Wolfgang von Kempelen's Speaking Machine
A Hungarian inventor built a mechanical device using bellows, reeds, and a rubber mouth to simulate human speech. It could produce vowels and some consonants. Creepy? Absolutely. Groundbreaking? Also absolutely.
Bell Labs' VODER
Demonstrated at the 1939 World's Fair. An operator used a keyboard and foot pedals to control electronic circuits that produced speech sounds. It took months of training to operate and sounded like a robot having an existential crisis. But it proved electronic speech was possible.
First Computer Based TTS
Noriko Umeda in Japan created one of the first rule based computer TTS systems. That same year, HAL 9000 in "2001: A Space Odyssey" gave people a very specific idea of what computer speech should sound like. Reality was much less terrifying. And much less clear.
Kurzweil Reading Machine
Ray Kurzweil built a machine that could scan printed text and read it aloud for blind users. It was the size of a washing machine and cost $50,000. But it worked, and it genuinely changed lives. Stevie Wonder was one of the first customers.
Apple Macintosh Speaks
The original Mac shipped with MacinTalk, built in text to speech. "Hello, I'm Macintosh" was the first time most people heard a personal computer talk. The voice quality was terrible by today's standards, but in 1984 it felt like science fiction.
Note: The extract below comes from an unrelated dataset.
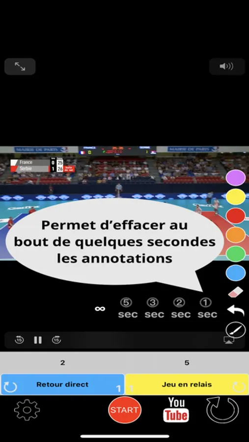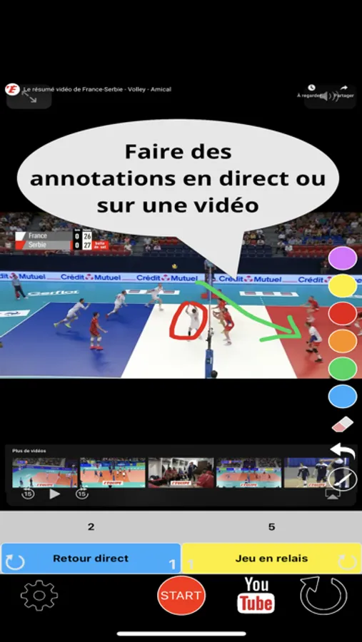 Permet de réaliser une analyse vidéo avec « étiquette » et « dessin » en DIRECT ou sur une vidéo déjà enregistrée (Galerie vidéo ou YouTube)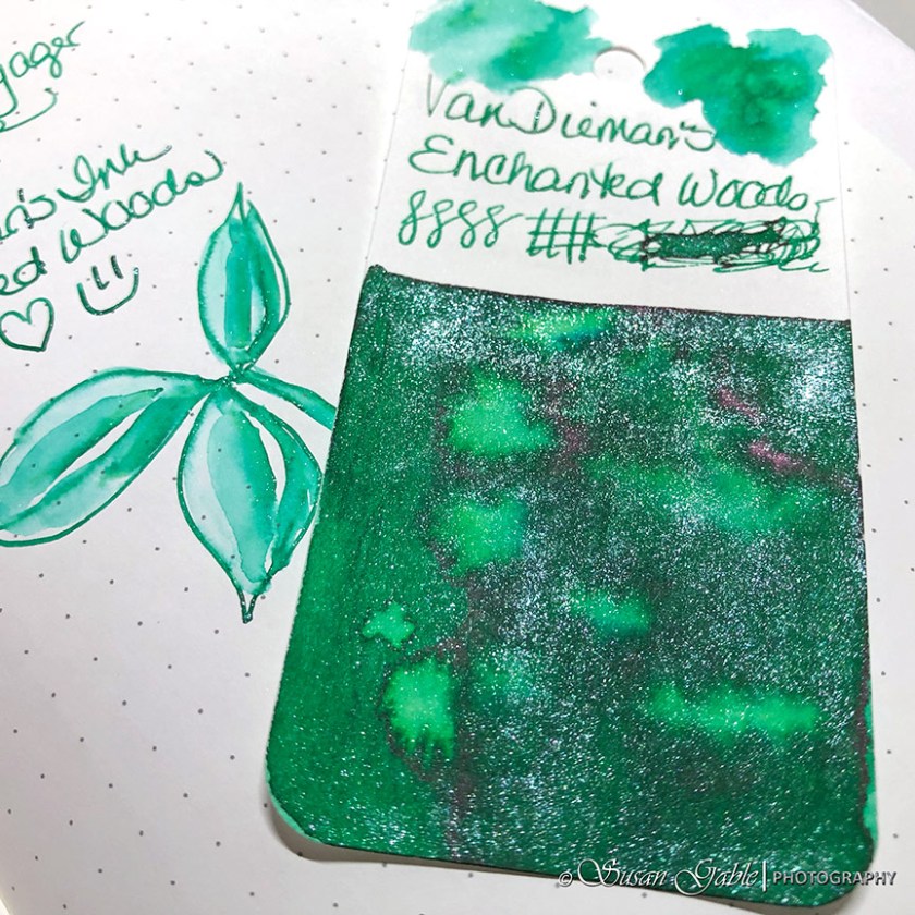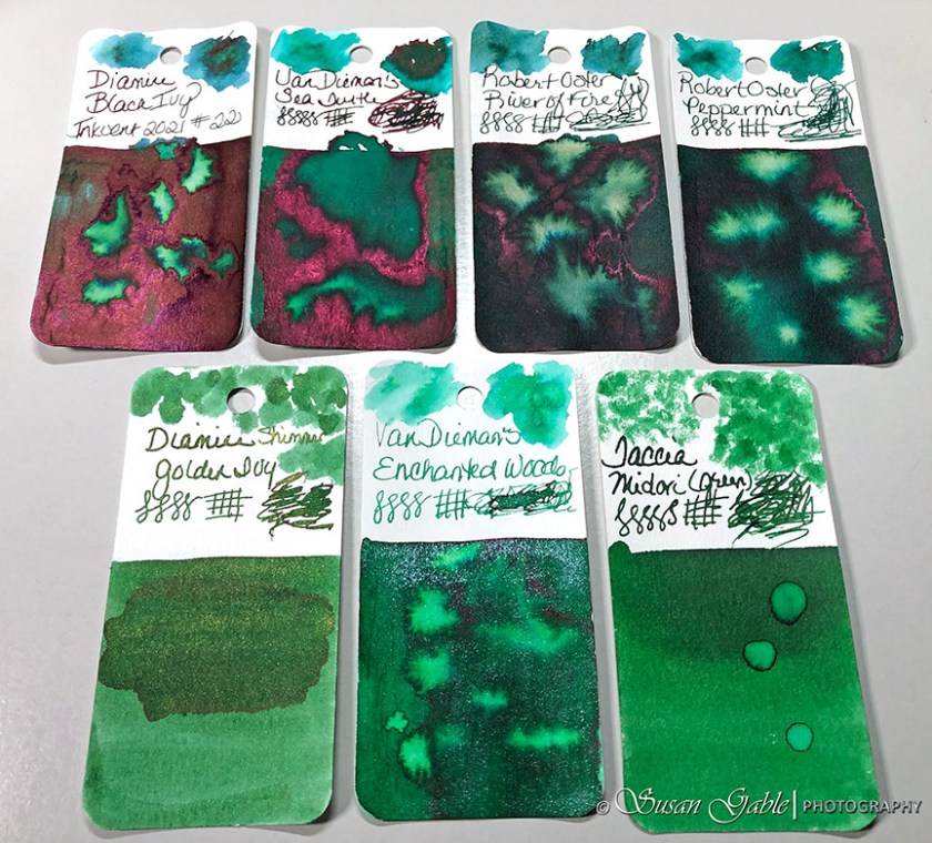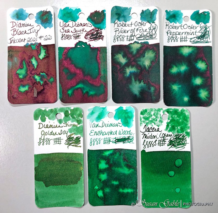 Ink swatches: Diamine Red Inkvent Black Ivy. Diamine Golden Ivy (shimmer). Van Dieman’s Ink Sea Turtle and Enchanted Woods (shimmer). Taccia Midori. Robert Oster River of Fire and Peppermint.

Concatenative Synthesis Era
The dominant approach for a decade. Record a human saying thousands of syllables, then stitch those recordings together to form words and sentences. Better than pure synthesis, but the joins between segments were audible. Every word sounded slightly disconnected from the next.
HMM Based Parametric Synthesis
Statistical models started generating speech parameters instead of stitching recordings. Smoother than concatenative, but the output had a characteristic "buzzy" quality that screamed "I am a robot reading this." Progress, but not the finish line.
DeepMind WaveNet
This is the one that changed everything. Google DeepMind published WaveNet, a neural network that generates raw audio waveforms sample by sample. The quality jump was enormous. For the first time, machine generated speech sounded genuinely human. The catch? It was 1,000 times too slow for real time use.
Tacotron, FastSpeech, and Real Time Neural TTS
Google's Tacotron and Microsoft's FastSpeech solved the speed problem. Neural TTS could now run in real time. This is when neural voices started appearing in consumer products. Google Assistant, Alexa, and Siri all upgraded their voice engines during this period.
Multi Speaker, Multilingual, Emotional
Single models that could speak in dozens of languages, switch between speaking styles, and even convey emotions. VITS, YourTTS, and similar architectures made it possible to have one voice model do things that previously required dozens of separate models.
Current State of the Art
Today's neural voices handle context, emotional nuance, multilingual code switching, and natural prosody at a level that's genuinely difficult to distinguish from human speech in blind tests. The technology that cost millions to develop a decade ago is now available for free. Which is exactly why FreeTTS exists.
Understanding Voice Types
Not all TTS voices are created equal. In fact, they're created in totally different ways, and understanding the differences helps you pick the right one for what you're trying to do. Here's the breakdown.
🔊 Standard Voices
The old guard. Built by recording a person saying predetermined words and syllables, then stitching those recordings together. They work, but they sound like a GPS from 2008. You know the type. Every word lands with the same flat energy regardless of context.
🧠 Neural Voices
The current standard. Trained on thousands of hours of human speech using deep learning. They predict pitch, rhythm, and emphasis dynamically for each sentence. These are the voices that make people do a double take because they genuinely sound human. FreeTTS uses exclusively neural voices.
🌐 Multilingual Voices
A single voice model that speaks multiple languages naturally. Switch from English to Spanish to French without changing the voice. The accent and pronunciation adjust automatically. Useful for content creators targeting international audiences.
🎭 Style Voices
Neural voices trained in specific speaking styles. Newscast, conversational, cheerful, empathetic, whispering, shouting. Same base voice, different delivery. American English on FreeTTS has the most style variety, with voices like Jenny (conversational), Aria (professional), and Guy (casual).
👤 Voice Clones
A synthetic copy of a specific person's voice created from audio samples. Not the same as standard TTS. Voice cloning is personalized and raises serious ethical questions about consent and deepfakes. FreeTTS doesn't offer cloning. We use pre trained, licensed neural voices instead.
🎧 Regional Accents
Within the same language, you get different regional flavors. English alone has American, British, Australian, Indian, South African, Irish, and more. Spanish has European and Latin American variants. Portuguese has Brazilian and European options. Same language, very different vibes.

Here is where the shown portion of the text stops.